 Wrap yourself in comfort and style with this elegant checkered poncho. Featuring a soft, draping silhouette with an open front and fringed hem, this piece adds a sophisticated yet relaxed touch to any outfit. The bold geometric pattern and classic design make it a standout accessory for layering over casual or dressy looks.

============================================================

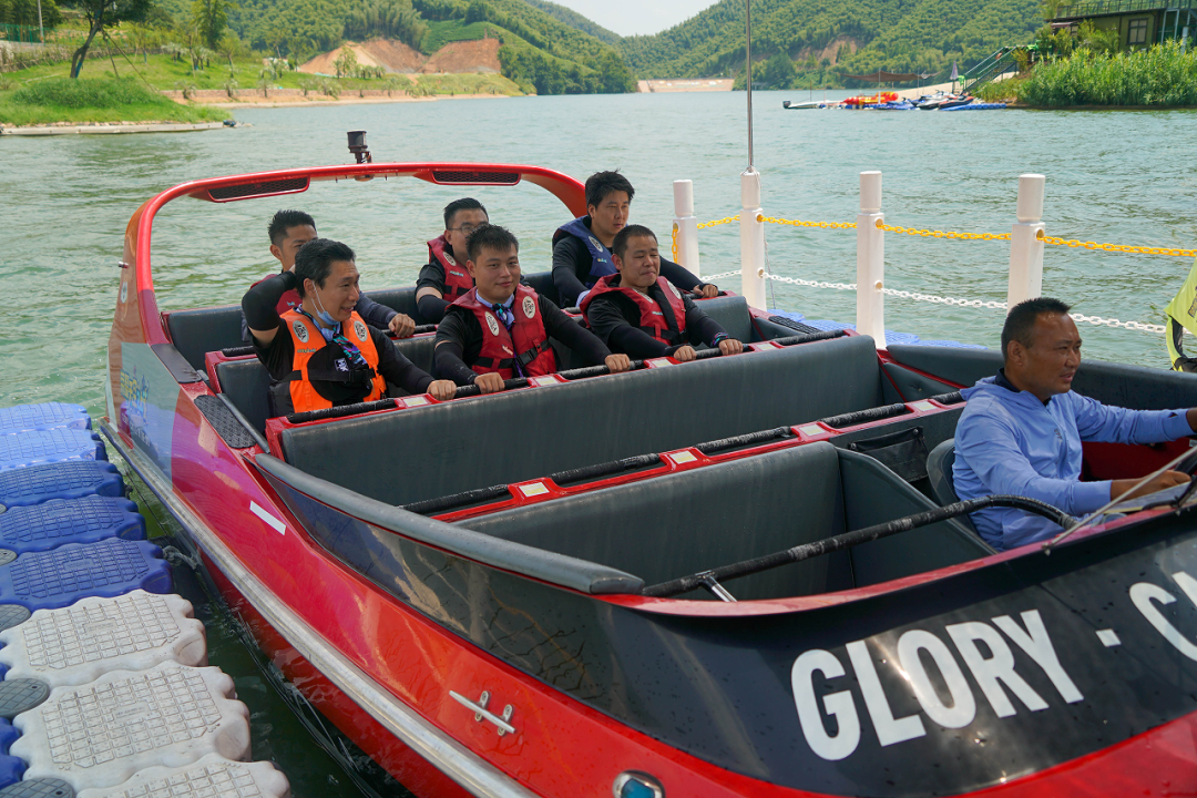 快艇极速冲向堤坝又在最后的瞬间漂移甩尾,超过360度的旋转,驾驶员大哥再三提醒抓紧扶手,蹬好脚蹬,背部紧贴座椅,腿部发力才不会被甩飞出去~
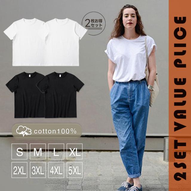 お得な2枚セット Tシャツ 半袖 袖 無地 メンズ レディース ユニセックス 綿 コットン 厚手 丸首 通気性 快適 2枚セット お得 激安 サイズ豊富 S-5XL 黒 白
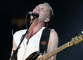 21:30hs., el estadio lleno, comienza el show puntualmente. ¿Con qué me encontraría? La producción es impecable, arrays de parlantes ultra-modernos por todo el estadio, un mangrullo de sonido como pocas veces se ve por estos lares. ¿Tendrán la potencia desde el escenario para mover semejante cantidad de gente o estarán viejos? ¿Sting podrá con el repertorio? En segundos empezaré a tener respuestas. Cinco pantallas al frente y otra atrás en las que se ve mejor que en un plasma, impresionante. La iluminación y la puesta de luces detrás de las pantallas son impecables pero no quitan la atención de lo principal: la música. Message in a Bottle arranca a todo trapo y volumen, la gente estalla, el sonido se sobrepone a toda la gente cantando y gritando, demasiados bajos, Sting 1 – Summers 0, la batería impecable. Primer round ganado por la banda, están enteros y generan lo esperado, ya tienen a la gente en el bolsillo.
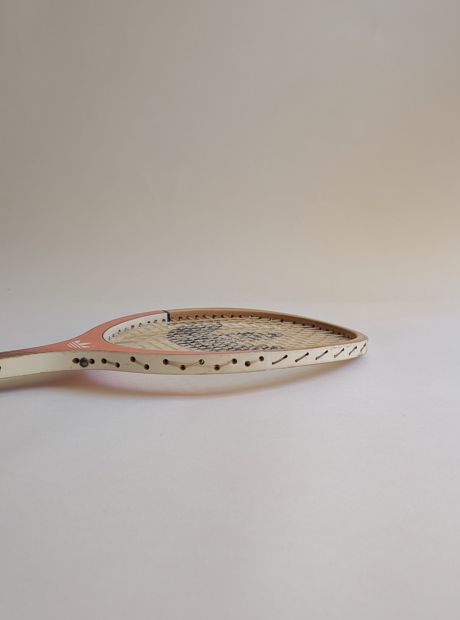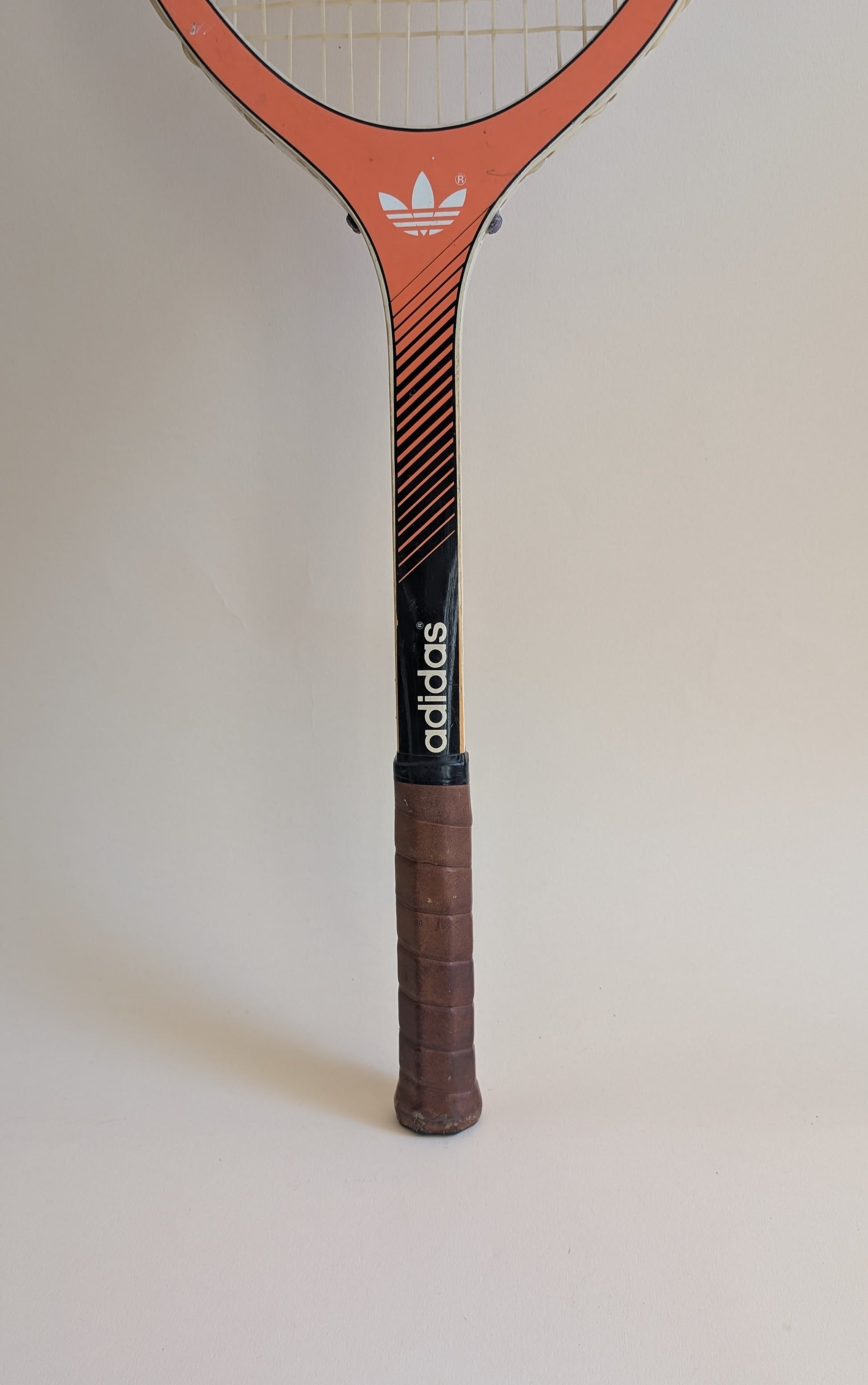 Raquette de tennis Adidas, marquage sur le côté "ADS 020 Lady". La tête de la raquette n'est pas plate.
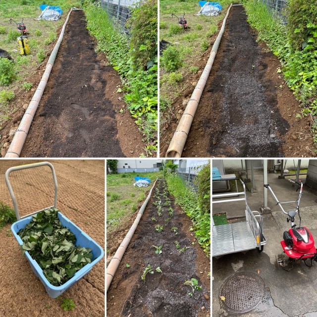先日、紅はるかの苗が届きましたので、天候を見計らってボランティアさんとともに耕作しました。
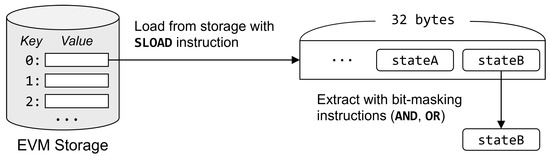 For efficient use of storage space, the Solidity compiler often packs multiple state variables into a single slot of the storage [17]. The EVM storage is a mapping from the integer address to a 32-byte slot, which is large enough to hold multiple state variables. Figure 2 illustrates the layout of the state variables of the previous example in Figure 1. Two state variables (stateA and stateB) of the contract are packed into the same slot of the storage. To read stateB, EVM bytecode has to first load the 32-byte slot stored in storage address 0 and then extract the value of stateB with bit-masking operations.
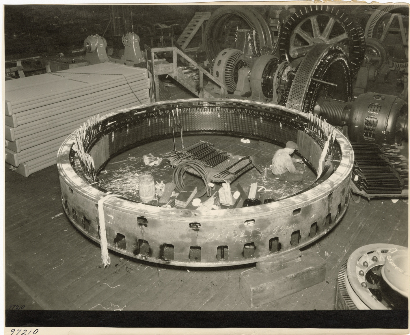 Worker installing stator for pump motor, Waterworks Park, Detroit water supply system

============================================================

* [HOW TO COMPLETE THIS TASK]: Give again the stretch of lines above from the one with "21:30hs., el estadio" through the one with "Worker installing stator", both ends kept, and copy no pictures.

* [SOLUTION BELOW]:
 21:30hs., el estadio lleno, comienza el show puntualmente. ¿Con qué me encontraría? La producción es impecable, arrays de parlantes ultra-modernos por todo el estadio, un mangrullo de sonido como pocas veces se ve por estos lares. ¿Tendrán la potencia desde el escenario para mover semejante cantidad de gente o estarán viejos? ¿Sting podrá con el repertorio? En segundos empezaré a tener respuestas. Cinco pantallas al frente y otra atrás en las que se ve mejor que en un plasma, impresionante. La iluminación y la puesta de luces detrás de las pantallas son impecables pero no quitan la atención de lo principal: la música. Message in a Bottle arranca a todo trapo y volumen, la gente estalla, el sonido se sobrepone a toda la gente cantando y gritando, demasiados bajos, Sting 1 – Summers 0, la batería impecable. Primer round ganado por la banda, están enteros y generan lo esperado, ya tienen a la gente en el bolsillo.
 Raquette de tennis Adidas, marquage sur le côté "ADS 020 Lady". La tête de la raquette n'est pas plate.
先日、紅はるかの苗が届きましたので、天候を見計らってボランティアさんとともに耕作しました。
 For efficient use of storage space, the Solidity compiler often packs multiple state variables into a single slot of the storage [17]. The EVM storage is a mapping from the integer address to a 32-byte slot, which is large enough to hold multiple state variables. Figure 2 illustrates the layout of the state variables of the previous example in Figure 1. Two state variables (stateA and stateB) of the contract are packed into the same slot of the storage. To read stateB, EVM bytecode has to first load the 32-byte slot stored in storage address 0 and then extract the value of stateB with bit-masking operations.
 Worker installing stator for pump motor, Waterworks Park, Detroit water supply system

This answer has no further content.